#### YOUR OBJECTIVE
Your output should be the lines below from the one with "The FBI honors" through the one with "2021 Topps Update Aaron Sanchez #US240", copied exactly, pictures excluded.

#### SUPPLIED RECORDS
----------
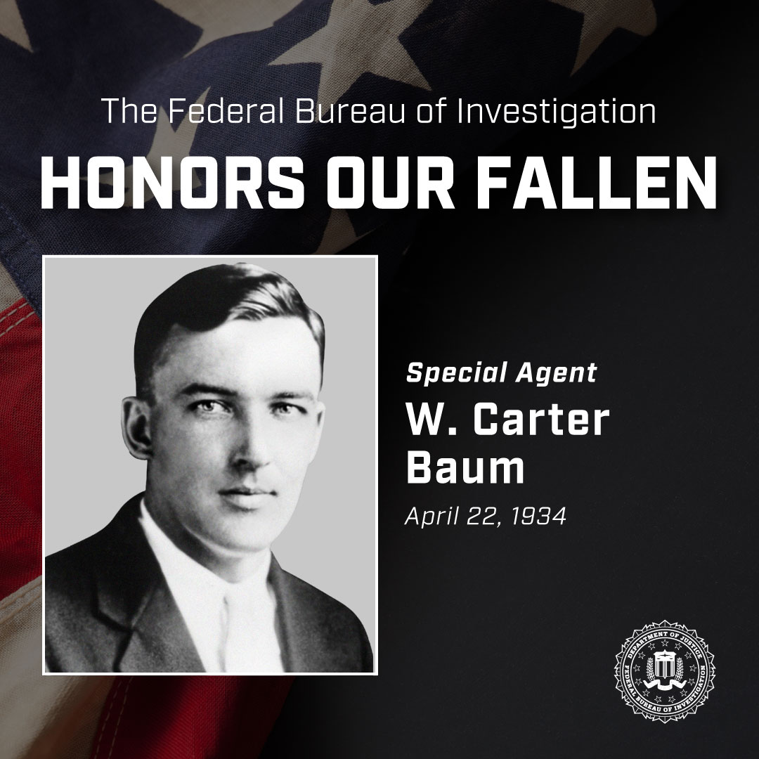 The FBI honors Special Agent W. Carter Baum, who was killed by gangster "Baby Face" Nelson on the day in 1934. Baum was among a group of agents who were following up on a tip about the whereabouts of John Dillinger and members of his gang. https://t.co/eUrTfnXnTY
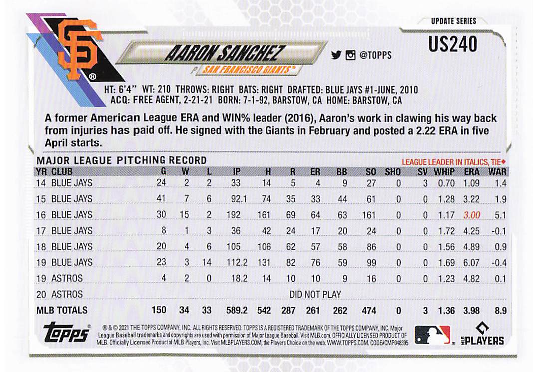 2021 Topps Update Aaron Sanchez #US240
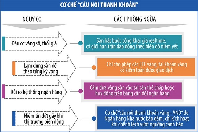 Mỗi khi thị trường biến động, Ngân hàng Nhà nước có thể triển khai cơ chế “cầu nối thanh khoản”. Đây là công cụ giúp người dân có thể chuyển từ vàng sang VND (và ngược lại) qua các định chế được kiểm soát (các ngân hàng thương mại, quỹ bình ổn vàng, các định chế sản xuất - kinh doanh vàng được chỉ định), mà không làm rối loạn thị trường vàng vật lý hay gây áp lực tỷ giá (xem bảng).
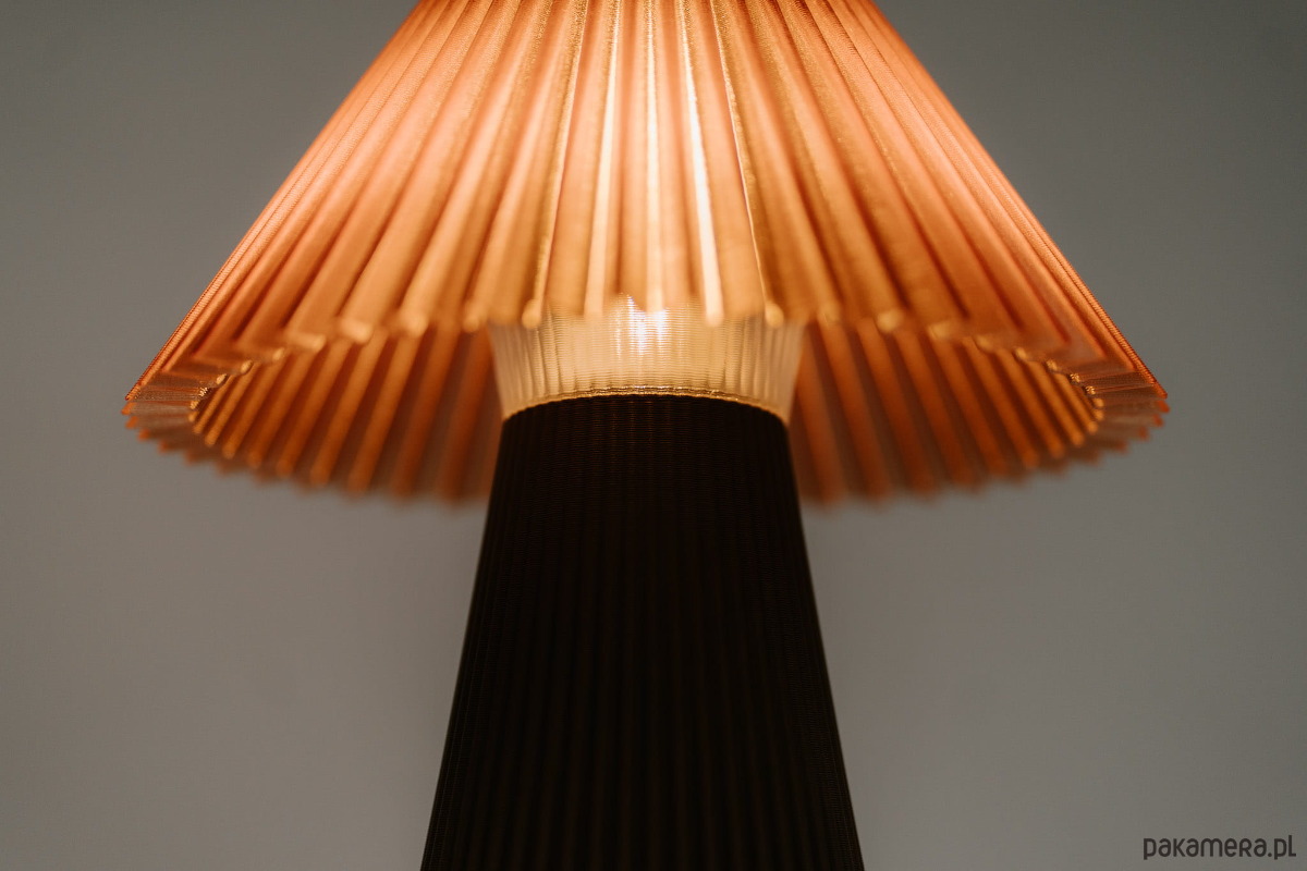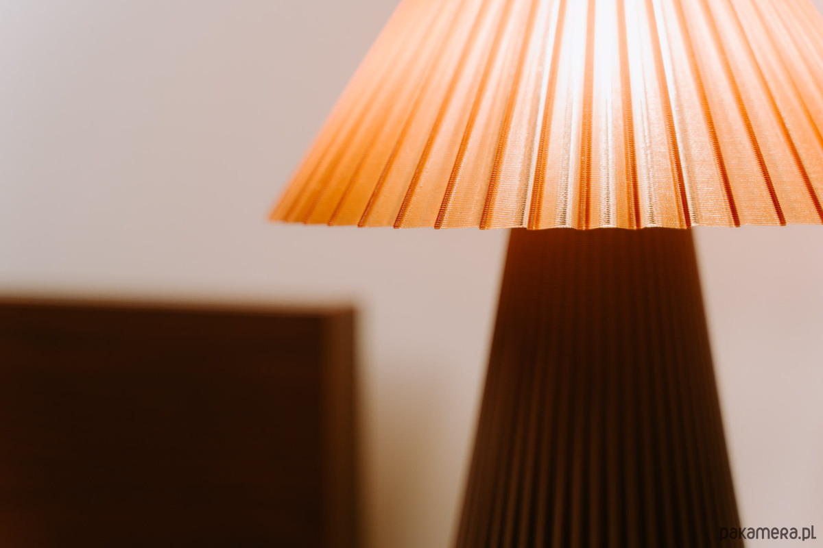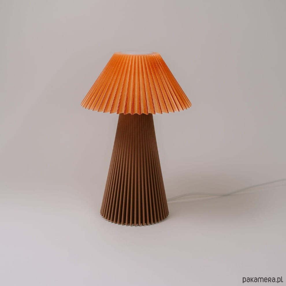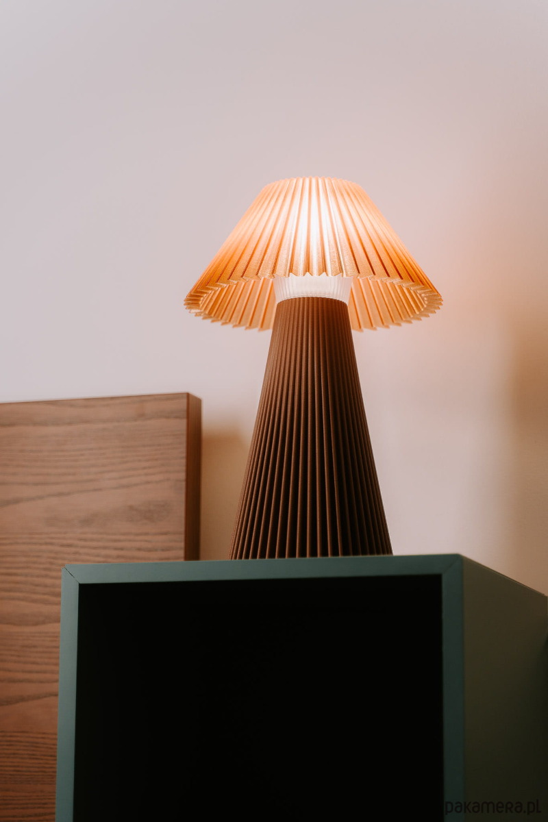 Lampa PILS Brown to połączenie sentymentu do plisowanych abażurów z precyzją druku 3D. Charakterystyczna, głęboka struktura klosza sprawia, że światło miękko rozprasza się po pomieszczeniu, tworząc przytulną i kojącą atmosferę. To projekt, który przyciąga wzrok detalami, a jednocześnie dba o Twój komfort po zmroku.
----------
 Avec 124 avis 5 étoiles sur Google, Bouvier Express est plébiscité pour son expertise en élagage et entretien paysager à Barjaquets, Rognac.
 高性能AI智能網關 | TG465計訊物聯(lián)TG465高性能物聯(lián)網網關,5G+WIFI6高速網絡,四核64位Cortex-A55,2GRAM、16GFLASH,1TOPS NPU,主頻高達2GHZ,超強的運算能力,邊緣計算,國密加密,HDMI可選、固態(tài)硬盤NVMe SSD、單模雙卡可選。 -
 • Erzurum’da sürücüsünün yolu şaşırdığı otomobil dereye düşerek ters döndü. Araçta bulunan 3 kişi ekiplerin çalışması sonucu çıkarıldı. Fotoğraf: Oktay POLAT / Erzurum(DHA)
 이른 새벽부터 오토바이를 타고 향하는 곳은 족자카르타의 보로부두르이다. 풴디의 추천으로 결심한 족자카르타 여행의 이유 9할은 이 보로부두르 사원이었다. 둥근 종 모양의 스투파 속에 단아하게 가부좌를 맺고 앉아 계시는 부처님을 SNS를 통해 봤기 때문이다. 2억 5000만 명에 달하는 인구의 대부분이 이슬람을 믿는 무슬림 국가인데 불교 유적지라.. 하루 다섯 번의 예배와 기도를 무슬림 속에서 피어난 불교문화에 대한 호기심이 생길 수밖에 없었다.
----------
#### REPLY TO THE EXERCISE
 The FBI honors Special Agent W. Carter Baum, who was killed by gangster "Baby Face" Nelson on the day in 1934. Baum was among a group of agents who were following up on a tip about the whereabouts of John Dillinger and members of his gang. https://t.co/eUrTfnXnTY
 2021 Topps Update Aaron Sanchez #US240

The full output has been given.